Article

The brief cognitive-behavioral COPE intervention for depressed adolescents: outcomes and feasibility of delivery in 30-minute outpatient visits.

Arizona State University College of Nursing & Health Innovation, 500 North 3rd Street, Phoenix, AZ, USA.
Journal of the American Psychiatric Nurses Association 05/2011; 17(3):226-36. DOI: 10.1177/1078390311404067
Source: PubMed

ABSTRACT Despite a U.S. prevalence of 9%, less than 25% of depressed adolescents receive treatment because of time constraints in clinical practice and lack of mental health providers available to deliver it.

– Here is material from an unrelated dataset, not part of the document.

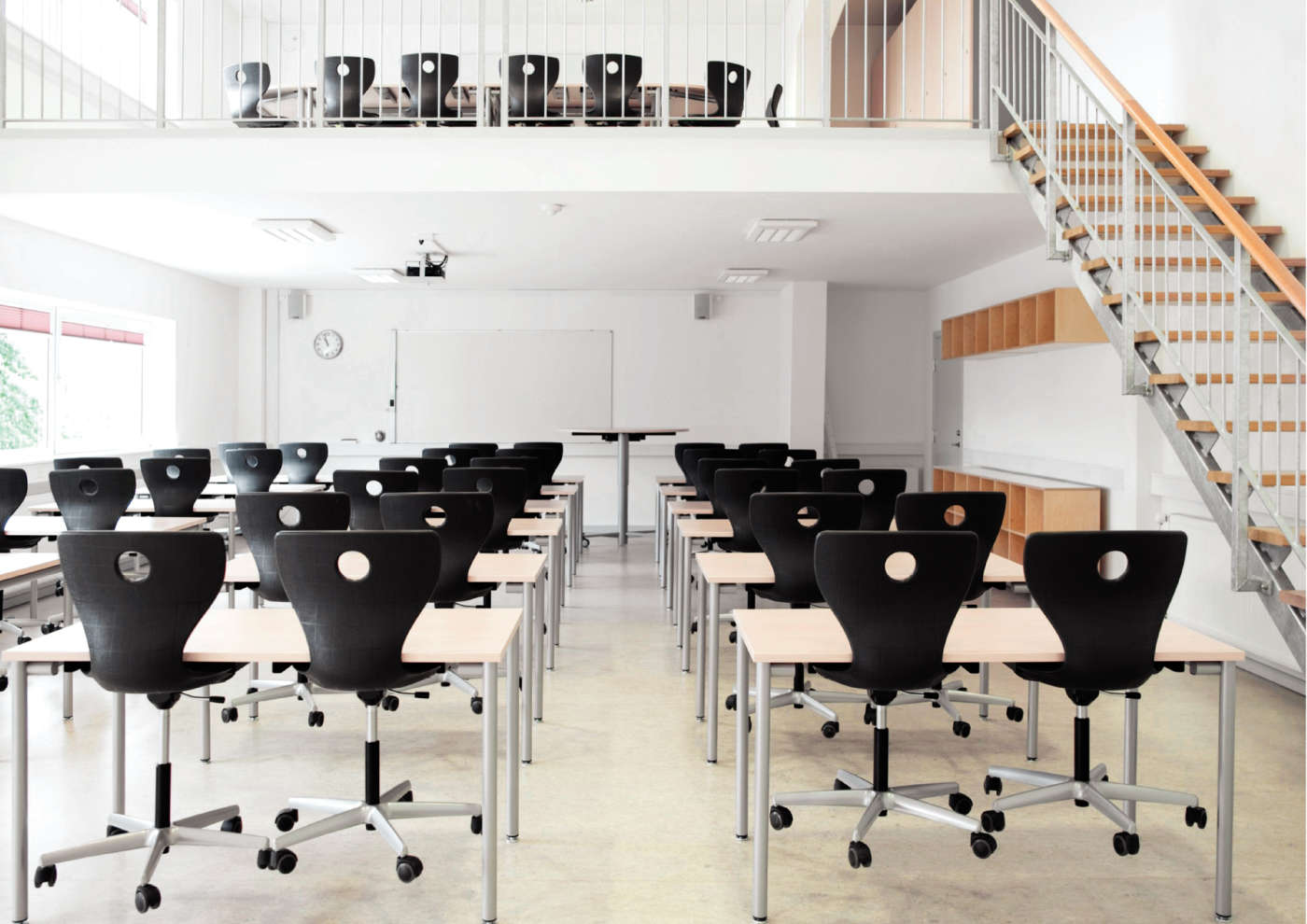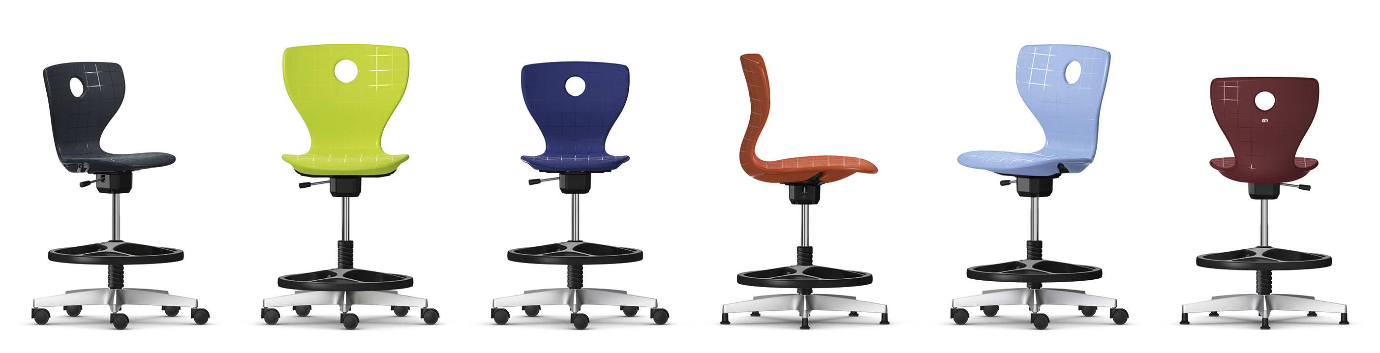 Modell Plus for høyere sitte-/ståarbeidsplasser (68-115 cm) med hjul som bremser under belastning, og med en fotring.

To assess the feasibility and effects of a brief manualized seven-session cognitive-behavioral skills building intervention entitled COPE (Creating Opportunities for Personal Empowerment) delivered to 15 depressed adolescents in routine 30-minute mental health medication management outpatient visits.
A preexperimental one group pre- and posttest design was used.

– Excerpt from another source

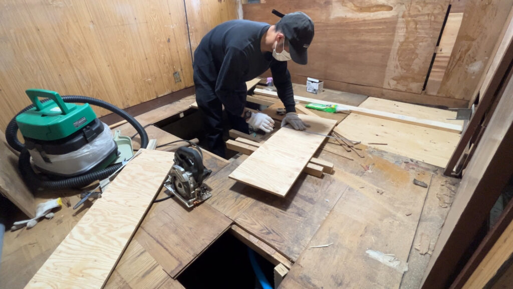 - 便器を外し、床のシートを剥がしてからきれいに掃除をし、ベニアを貼った。今回は9ミリの合板を接着剤とビスを使って固定した

Adolescents reported significant decreases in depression, anxiety, anger, and destructive behavior as well as increases in self-concept and personal beliefs about managing negative emotions. Evaluations indicated that COPE was a positive experience for teens and parents.
COPE is a promising brief cognitive-behavior therapy-based intervention that can be delivered within 30-minute individual outpatient visits. With this intervention, advanced practice nurses can work with practice time limitations and still provide evidence-based treatment for depressed teens.